Music Theatre Wales has become the subject of controversy for the all-white casting of its touring production of “The Golden Dragon.”
Kumiko Mendl, artistic director of Yellow Earth Theatre, has decried their production as being “another frankly disappointing and incomprehensible case of yellowface with the same tired old excuses given for not casting East Asians in roles that are ‘not realistic’.”
“The Golden Dragon” is based on a play by Roland Schimmelpfennig, with a cast of five actors who play multiple roles of varying age, gender, and nationality. The four roles at the heart of the issue are those of “Chinese mother,” “Chinese aunt,” “Old Asian,” and “An Asian.”

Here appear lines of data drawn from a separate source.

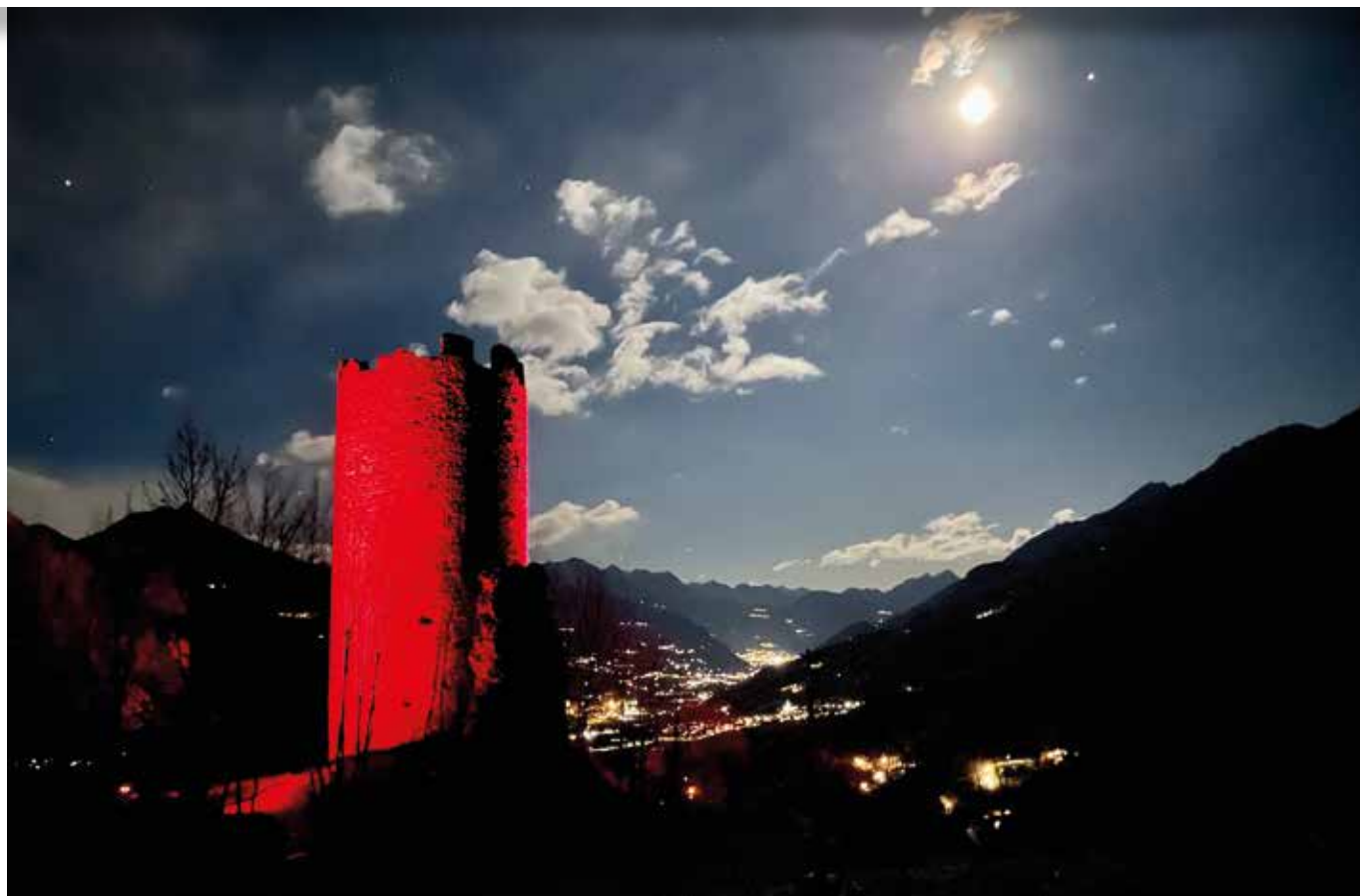
25 novembre. La Torre illuminata di rosso.
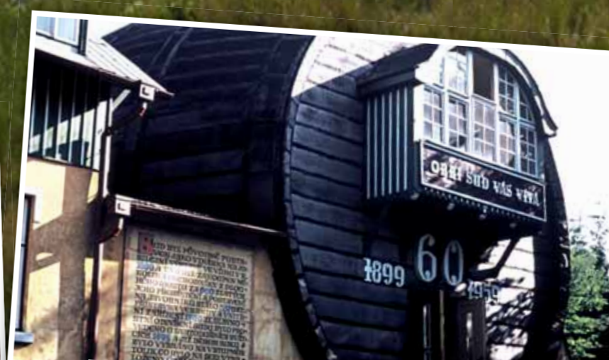
Od roku 1899 navštěvovali lidé jeden z vrcholů Ještědí - Javorník s atrakcí - restaurací v sudu, který si majitel zakoupil ve Vídni.
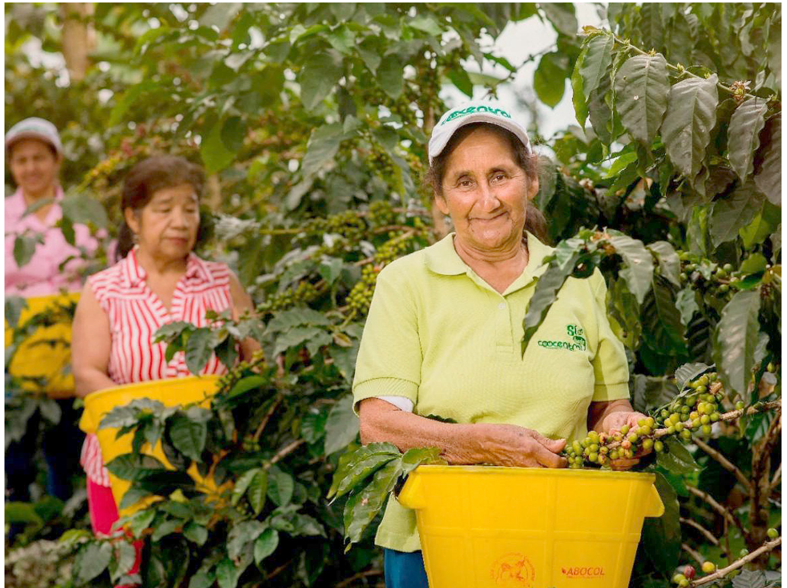
La colaboración y la asociatividad son fundamentales en el proceso de internacionalización de las empresas lideradas por mujeres, según el Fondo Mujer Emprende.

Nuestra organización ha estado impulsando varios programas de desarrollo rural en el Pacífico y la Orinoquía, así como programas relacionados con la gastronomía en la región del Caribe. También hemos establecido una línea de crédito en colaboración con el Banco Agrario, que incluye componentes específicos para mujeres rurales y para mujeres con iniciativas de comercialización y transformación. Además, estamos comprometidos con la educación financiera y próximamente lanzaremos dos mil cupos para programas de formación en emprendimiento en colaboración con Promujer. Les invitamos a seguir nuestras redes sociales para estar al tanto de estas y otras iniciativas que tenemos preparadas para las mujeres colombianas.
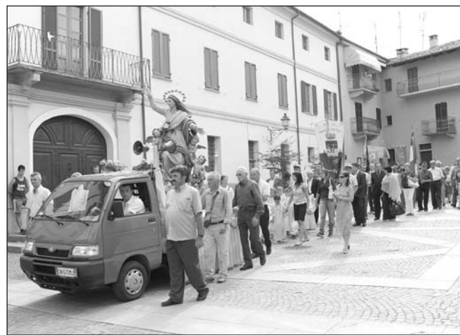
La processione dell'Assunta dello scorso anno

(segue da pag. 1) Festa San Bernardo di Comba Gambasca e Bedale domenica 22 agosto - Messa alle ore 15,30
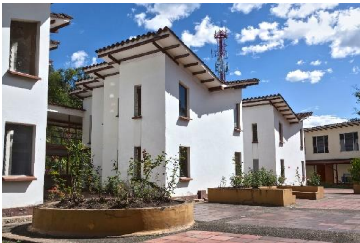
Figura 4 Sede Norte.

Debido al aumento considerable en la demanda académica y después de varios estudios de alternativas para la adecuación de las demás sedes que no resultaron tan viables por razones de delimitantes arquitectónicas, de uso de suelos del mismo espacio físico para poder cumplir con esta demanda; se consideró adquirir un nuevo lote para adelantar una edificación que permita cumplir con las condiciones necesarias para crear los
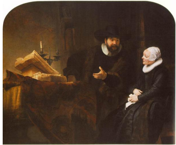
Rembrandts Claes Claesz Anslo

Op 27-1-1666 zijn de voogden van hun taak ontslagen en is een bedrag van 3.150 gld overgeschreven op rekening van Sijbrant en de andere kinderen 74 .
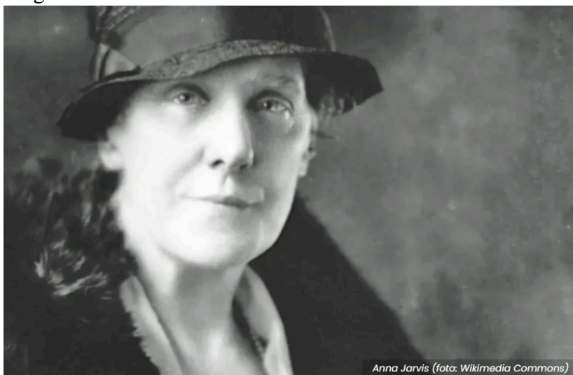
Figura 1 – Anna Jarvis.

Foto: Wikimedia Commons. Fonte: Disponível em: https://mediatalks.uol.com.br/2024/05/12/quem-criou-o-dia-das-maes-conheca-a-historia-de-anna-jarvis/ (acesso em: 29 Jul. 2024).
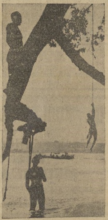
Cuando la lucha lo permite, las maravillosas costas italianas sirven de recreo para los soldados americanos.

del río Volturno, en cuyas orillas se cree que intentarán resistir los alemanes. "Los soldados de Montgomery han avanzado 25 kilómetros con la conquista de Lucera y según las últimas noticias, prosigue el avance."
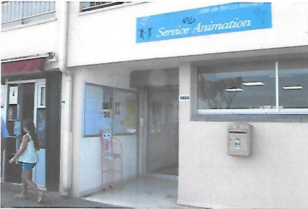
Vue de l'affichage de l'avis d'E.P. sur le panneau d'affichage du service d'animation.
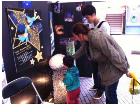
イルミネーションを楽しんでくれました。
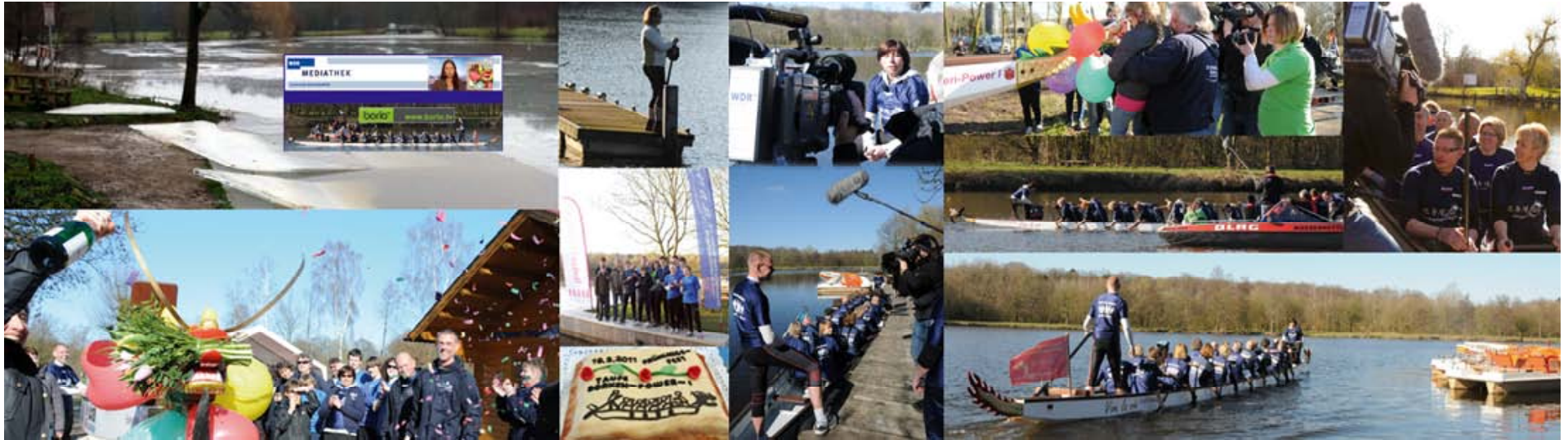
Frühlingsfest Bootstaufe, WDR Lokalzeit 790.000 TV-Guckern, Borio-TV und vielen Gästen am Pröbstingsee.
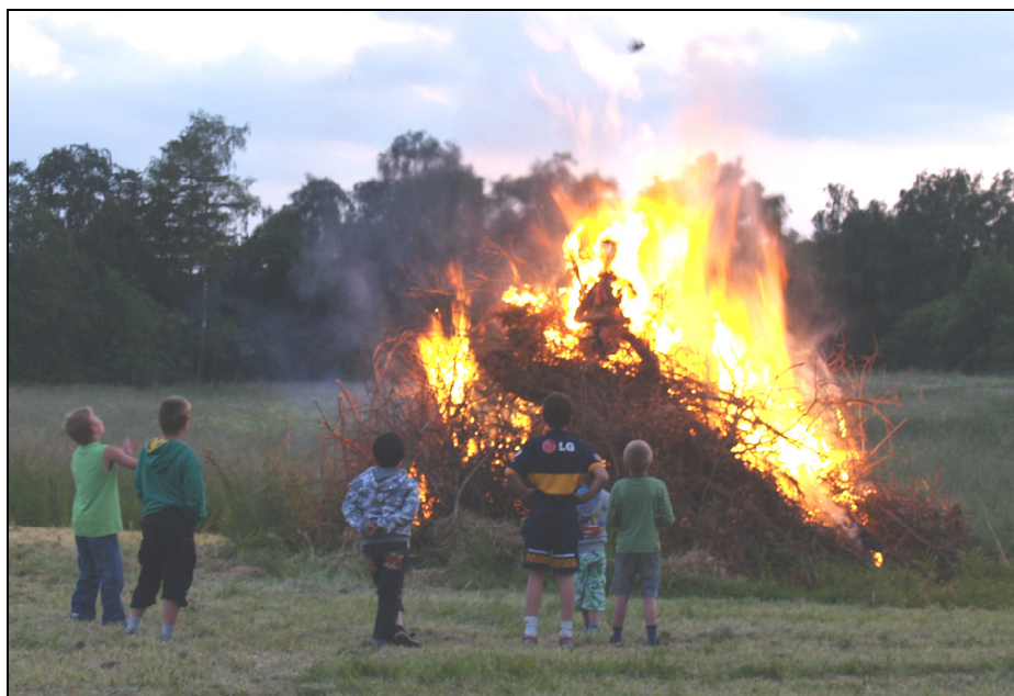
Der er nu ikke noget som at varme sig på bålet.
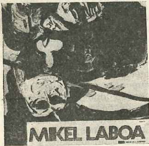
MIKEL LABOA "Bat"-"Hiru" Edigsa/Herri Gogoa HG-85 LS

Mikel Laboa quería sacar un triple lp de entrada. Por lo que se desprende de este doble y de los eps grabados anteriormente, tenía capacidad para hacerlo. Significativamente, un lp se llama Uno, y el otro, Tres; el Dos iba a contener poemas musicados de Brecht, Harzabal, Landart, Espriu... Por unas cosas y otras no salió.
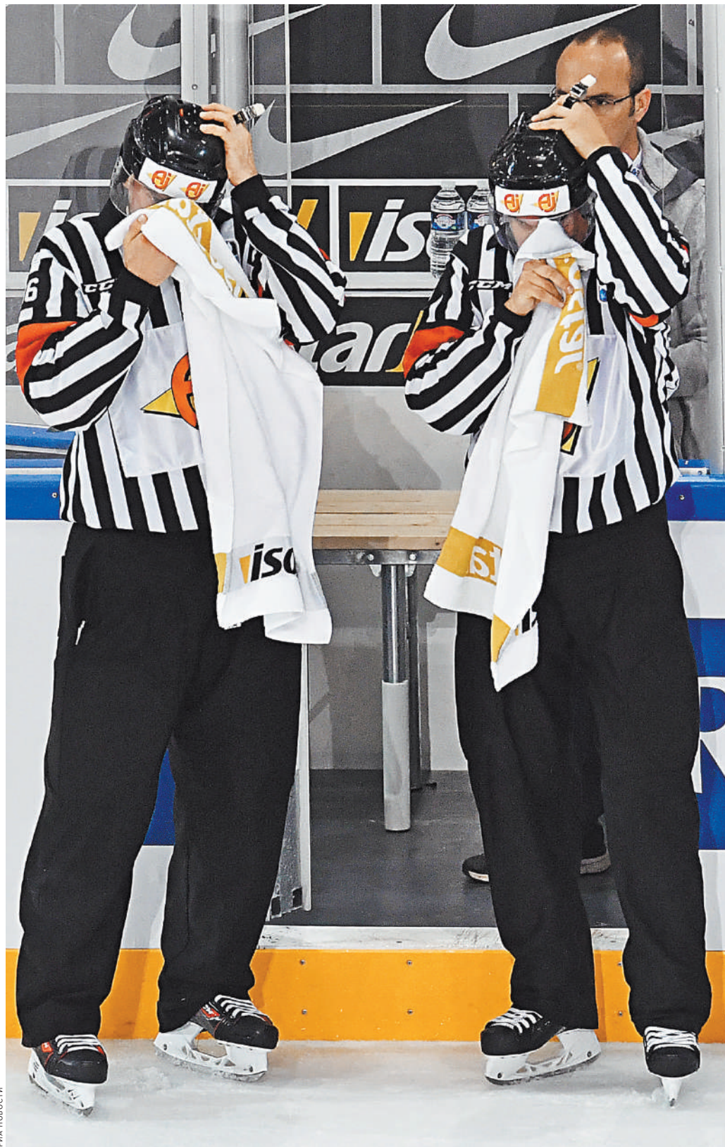
Зараженный ковидом все больше, но КХЛ решила продолжать регулярный чемпионат.

К сегодняшнему дню отменено или перенесено уже 13 матчей регулярного чемпионата КХЛ
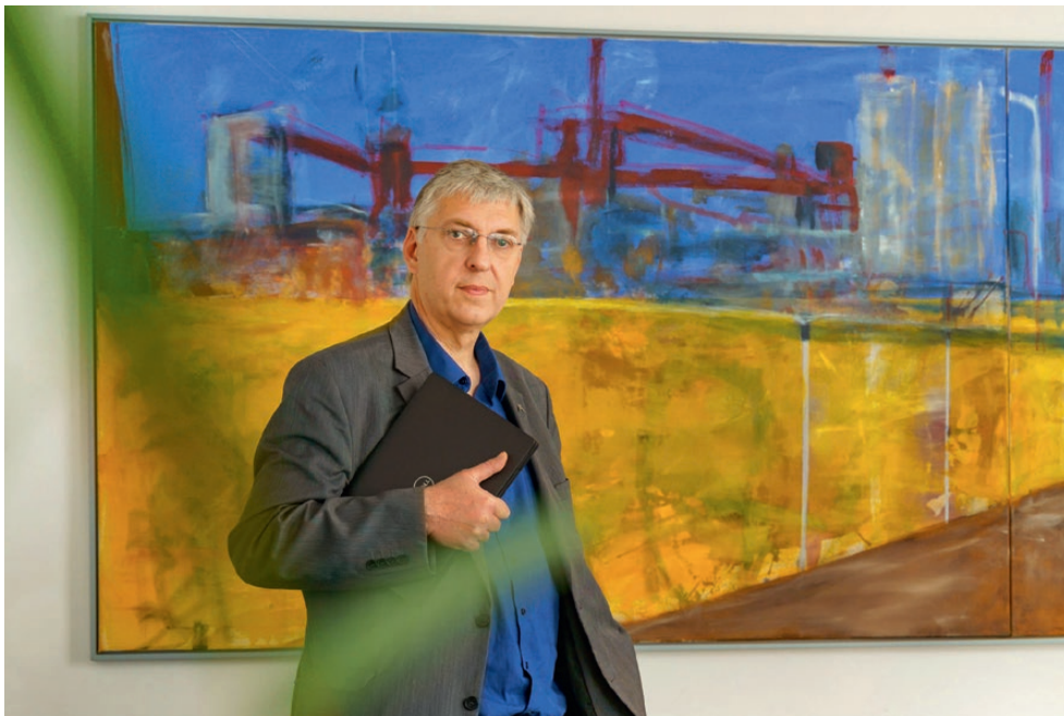
Fig. 1. Prof. Kai van de Loo researches the economic-political aspects of the post-mining era at the FZN. Bild 1. Prof. Kai van de Loo erforscht am FZN die wirtschaftspolitischen Aspekte der Nachbergbauzeit.
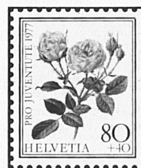
Rosa centifolia muscosa

Die Zeit der Rosen ist vergangen, Des Sommers Melodie verweht... Doch hier, im Markenbild gefangen, Der Rosen Schönheit neu erstet.
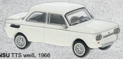
NSU TTS weiß, 1966 Nr. v 28260 15.95 € ▲
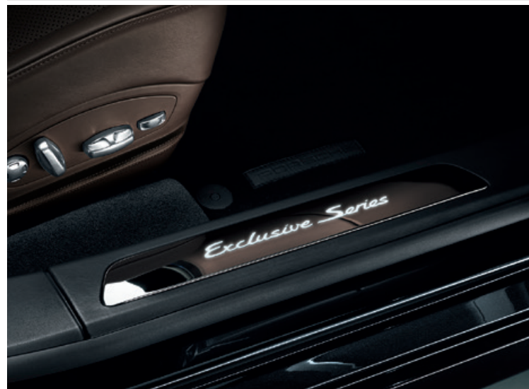
Türeinsteigsblenden frei individualisierbar
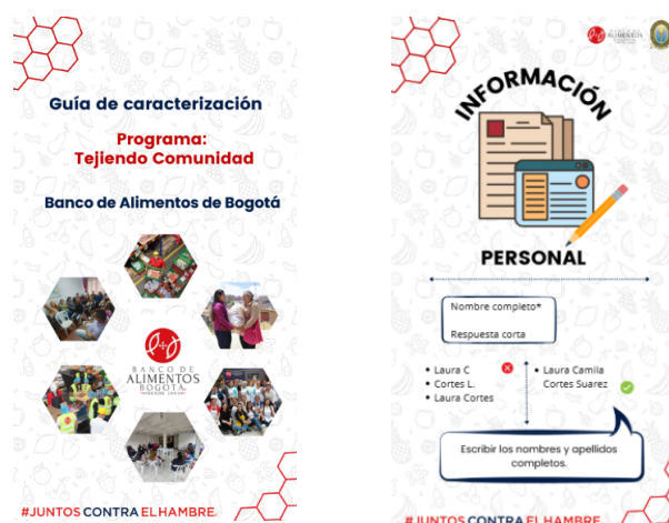
Guía de caracterización de familias

Nota: Información recopilada de la Guía de caracterización a familias, (2025).
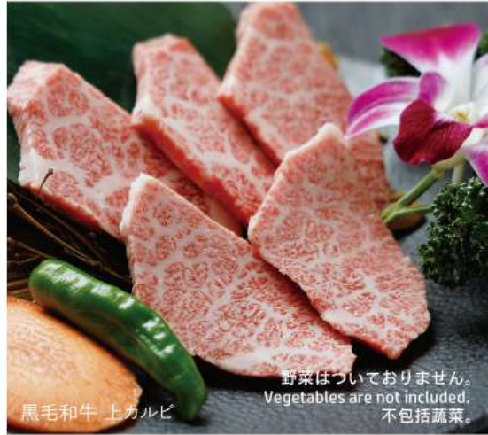
黒毛和牛 上カルビ

野菜はついておりません。 Vegetables are not included. 不包括蔬菜。
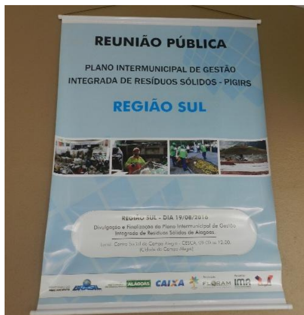
Figura 7 – Banner exposto no interior do local da reunião pública no município de Campo Alegre, referente ao Evento de Divulgação e finalização do PIGIRS.
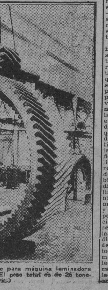
La foto muestra un gigantesco engranaje para máquina laminadora con corona forjada y piñones de acero. El peso total es de 26 toneladas.
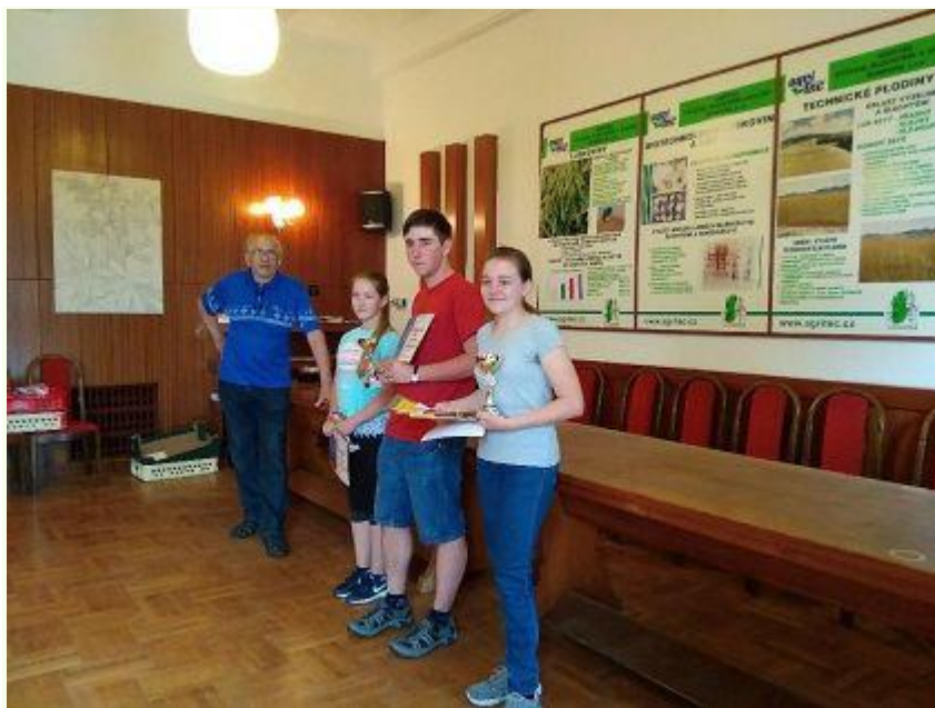
Okresní soutěž „Mladý zahrádkář“, Územní sdružení ČZS Šumperk-Jeseník

Dne 11.5. 2018 uspořádalo Územní sdružení Českého zahrádkářského svazu Šumperk – Jeseník okresní kolo soutěže „Mladý zahrádkář“. V letošním roce se do soutěže přihlásily tři školy - III. ZŠ Zábřeh, ZŠ Bludov a I. ZŠ Šumperk. Soutěžilo se ve dvou kategoriích. Mladší žáci 4.-6. třída ZŠ, starší žáci 7.-9. třída ZŠ. Soutěž se skládala ze dvou částí. Písemného testu, kde žáci vybírali ze 4 odpovědí tu správnou / celkem 40 otázek/, druhá část se skládala z poznávání semen a rostlinného materiálu.
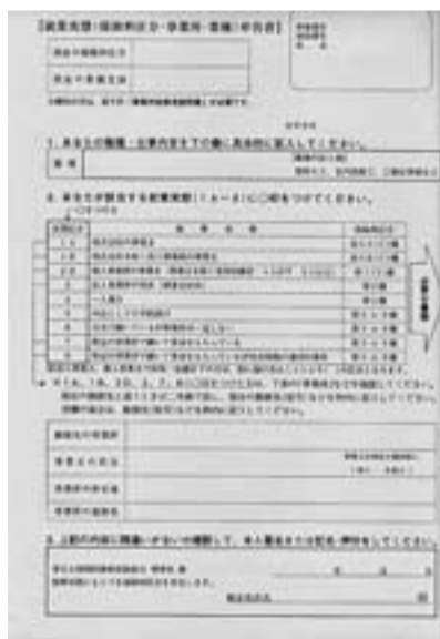
就業実態申告書の提出を

昨年7月末から取り組んでいる就業実態申告書の提出されていない方は、提出をお願いします。土建国保に加入されている方全員の取り組みです。

Many have expressed their views about Music Theatre Wales’ decision on Twitter, playwright Afshan D’souza-Lodhi tweeting, “My favorite part is when the writer even specifies the race of the characters [sic] but the director/producer has chosen to ignore it.” D’souza-Lodhi continues in another tweet, “I wish theatres like this would just hold up their hands and admit to their racism. Least that way we can deal with it.”
In response to the backlash they have received, Music Theatre Wales has issued a statement on their Facebook page, which reads, “The Golden Dragon is a story about anyone who, through no fault of their own, find themselves dislocated in a strange country, without official status. It addresses the crucial issue of modern slavery. The setting is a pan-Asian restaurant and the singers play a variety of roles, genders and nationalities. Two air hostesses are played by burly men; a cricket is played by a tenor, an ant by a mezzo and a small boy by a grown woman. The original play, and the opera on which it is based, is post-Brechtian storytelling: the cast narrate the story and introduce the multiple characters they are about to play. Quite deliberately, there is no realism.”
After being staged on October 3, 2017, at the Birmingham Repertory Theatre, Music Theatre Wales is set to take their production of “The Golden Dragon” to the cities of Basingstoke, Bangor, Aldeburgh, and London.